So… Wednesday… Wednesday, the 23rd of September… I’m truly at a loss for words and yet, feel there is much I can and should say.
But this is bigger than just Wednesday. Much bigger.
I was taught from a very young age not to ask for things. It was said outright quite a bit, but sometimes it was more subtle. “Don’t ask your grandparents for anything when you visit them”. Don’t ask for help, if you can’t figure it out for yourself you’re stupid or weak or unworthy of whatever it is anyway. When someone asks what you want for a birthday or Christmas or whatever, the proper response was “Oh, you don’t need to go to any trouble. I really don’t need anything at all” and then there was to be gratitude for whatever was received… even if it was something you didn’t want.

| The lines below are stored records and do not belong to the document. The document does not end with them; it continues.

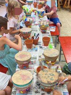 Am Freitag 09.08.2024 fand das Ferienprogramm "Trommeln aus Blumentöpfen basteln" statt. In zwei Schichten aufgeteilt bastelten wir von 10 bis 15 Uhr mit den Kindern die Trommeln. Nachdem alle Schichten des Backpapiers aufgetragen waren, wurden die Trommeln noch fleißig mit Stickern, Glitzersteinen, Federn, Kordeln und Stiften verziert. Anschließend durften die Kinder noch unsere bereitgestellten Instrumente ausprobieren. Der Tag hat sehr viel Spaß gemacht und am Ende konnten alle mir ihrer selbst gebastelten Trommel nach Hause gehen. Insgesamt ein sehr gelungener Tag, fanden die Verantwortlichen der Marktkapelle Zusmarshausen, die Veranstalter dieses Ferienprogrammpunktes war.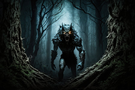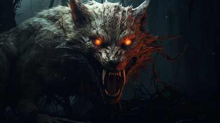 scarywerewolf lurking in dark forest, ready to pounce, created with generative ai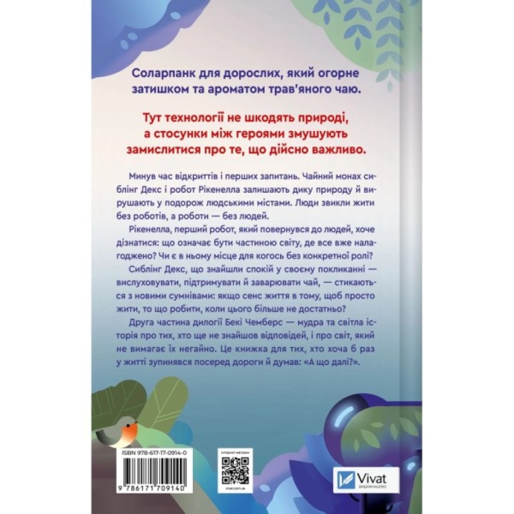 Друга частина дилогії Бекі Чемберс — мудра та світла історія про тих, хто ще не знайшов відповідей, і про світ, який не вимагає їх негайно. Це книжка для тих, хто хоча б раз у житті зупинявся посеред дороги й думав: «А що далі?».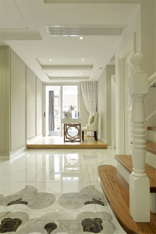 長(zhǎng)沙別墅裝修效果圖解析:以沙發(fā)一旁的過(guò)道設(shè)計(jì)來(lái)作為客廳與工作臺(tái)之間的區(qū)域劃分,同時(shí)也體現(xiàn)出了設(shè)計(jì)師想要表達(dá)的空間舞動(dòng)線條感,工作區(qū)的墻面上也同樣以收納式柜面設(shè)計(jì)來(lái)打造,讓這一區(qū)域不僅擁有了視覺(jué)擴(kuò)容感,還能夠用來(lái)做收納用,一舉兩得哦。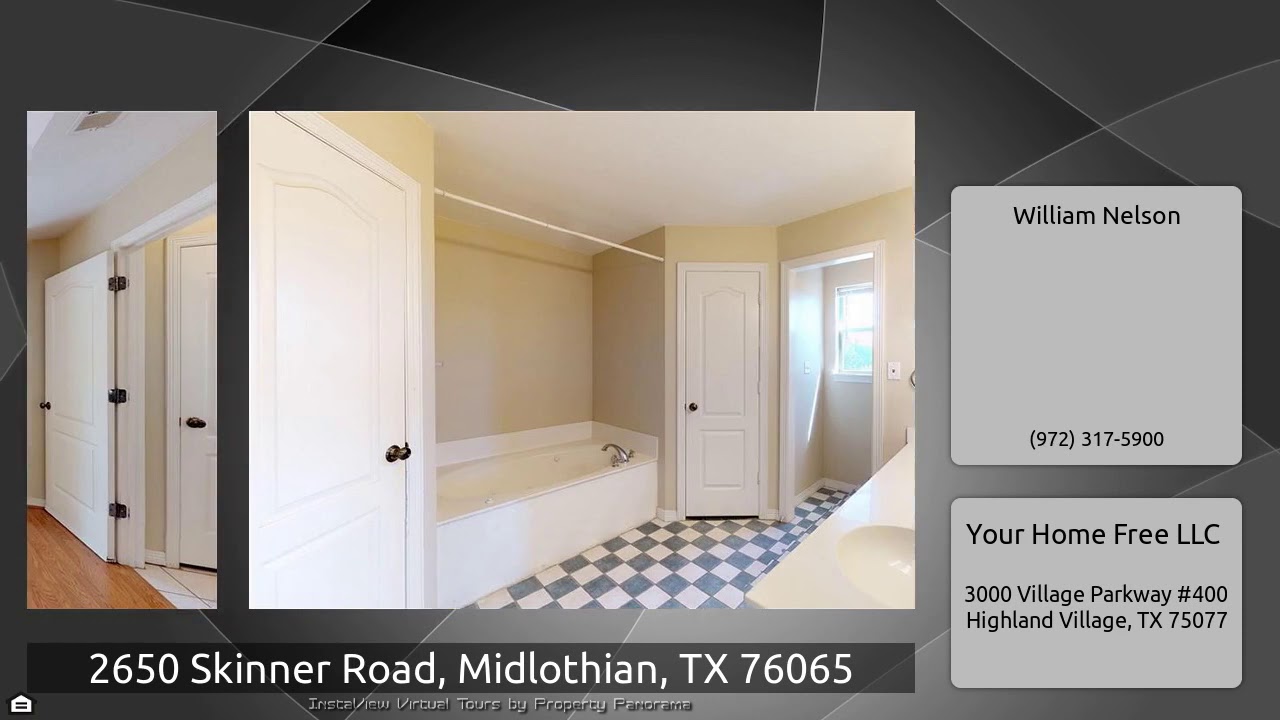 The Virtual Tour for the property at 2650 Skinner Road, Midlothian, TX 76065 listed for $386,800: Other homes for sale by William Nelson of Your Home Free LLC: *SELLER OFFERING UP TO 20K TOWARD UPGRADES WITH ACCEPTABLE OFFER CLOSING BY DEC 15TH!* Enjoy peace & tranquility with this home situated on more than 1 acre! Inside you will find an open layout offering 5 bedrooms, 3.5 baths, a study or formal dining space with French doors & spacious family room! Upgrades include gleaming hardwood-like flooring, today's paint tones, split bedroom plan & 3 car garage! Kitchen overlooking the family …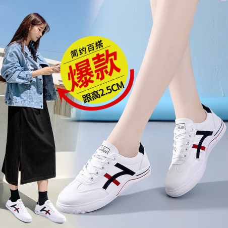 足娇253,休闲真皮内增高百搭小白鞋女潮鞋
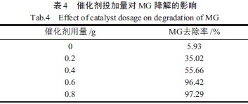 催化剂Fe2O3/γ-Al2O3投加量对MG 降解率的影响如表4 所示。由表4 可知,没有催化剂存在时孔雀石绿降解率很低,仅为5.93%,尽管H2O2在微波辐射下会产生·OH,但该途径发挥的作用十分有限,随着催化剂的加入,孔雀石绿的降解率迅速增加,说明催化剂的作用在孔雀石绿降解中作用显著;随着催化剂的继续增加,孔雀石绿的降解率变化趋于平缓。当催化剂投加量为0.6 g时孔雀石绿降解率达到96.42%。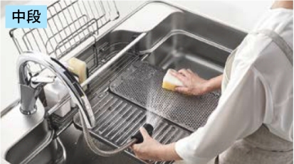 すすぎ前の食器をアンダープレートの上に置くなど、シンク内で汚れ別に仕分けられます。

Often, I’d want things and was told that we couldn’t afford it. Which may have been true but quite often within a day or two of a request, there would be a new something for my stepfather in the house or in the yard (we had 3 VW Beetles held together with duct tape and bungee cords). So, I got the message pretty loud and clear from that. The message being “whatever YOU want isn’t important”.
Fast forward to a relationship I had in my 20’s. The relationship was progressing, we’d talked about the next steps and I was SURE I was going to get an engagement ring for Christmas. But, of course, that’s not something you ASK for. So, Christmas came and I got…. a box of cordial cherries. And, I’m not going to lie, I burst into tears. When you are expecting an engagement ring and get a $2 box of cordial cherries, your love for said cherries is a tich overshadowed by your disappointment.
Step forward a little more and you come to the decade I spent with the Wasband. No proposal. Engagement ring was my Gramma’s ring. He didn’t work, so any gift-giving occasion that I wanted a gift, I had to give him the money to buy it. I kept telling him that what I really wanted was for someone else (for ONCE) to clean up our apartment. (Meaning HIM). When I would give him money, he’d get something inexpensive for me and spend the rest of the money on something for himself. I get it that we didn’t have much money… but that hurt and eventually I just stopped paying for gifts for myself and so holidays would come around and I’d be left out. I always made sure he got gifts not only from me, but from The Girl as well. That was never reciprocated.
I told you all of that, though, not to try to elicit sympathy or to make it seem as if I’ve had a horrible life… I haven’t. I just wanted you to have some background. I don’t get nice things for myself. I don’t do nice things for myself. I don’t ask for things from anyone but I will occasionally talk about things I love and want or wish I had (as people do). Not with the expectation that the listener will do anything about it, but those are conversations people have. (I will confess, though, that I did finally break down and buy myself a tiara. Silly, frivolous, ridiculous? Yes. Something I love? ABSOLUTELY).
So, back to Wednesday, the 23rd of September. I received a package. I hadn’t ordered anything but there it was. And in that package was a Dyson C65 Vacuum Cleaner. And I cried. Not because I was disappointed that I’d received a vacuum cleaner. Quite the opposite, actually. You see, I’ve wanted this particular vacuum cleaner for several years. But a vacuum cleaner that costs over about $50 has never been in the budget. And now I have my dream vacuum cleaner and it sucks (AS A GOOD VACUUM SHOULD… I mean, seriously, I think this thing could probably suck up one of my cats quite easily and I do not have small cats).
I’m still trying to wrap my head around this. I am still having twinges of “I don’t deserve this”. But, along with that, there is the fact that my heart is absolutely exploding with gratitude. I know who sent it and I’ve said “thank you” but that honestly sounds terribly inadequate. “Thank you” doesn’t seem big enough. Just like my last birthday gift from Mr. POSSLQ… I simply don’t have adequate words to express the gratitude I feel. Especially knowing that the givers of the gifts don’t have a lot themselves, so I know that these things represent sacrifice.
Thank you, AP, for the rainbow… for your friendship…and for the awesome, kick-ass vacuum cleaner.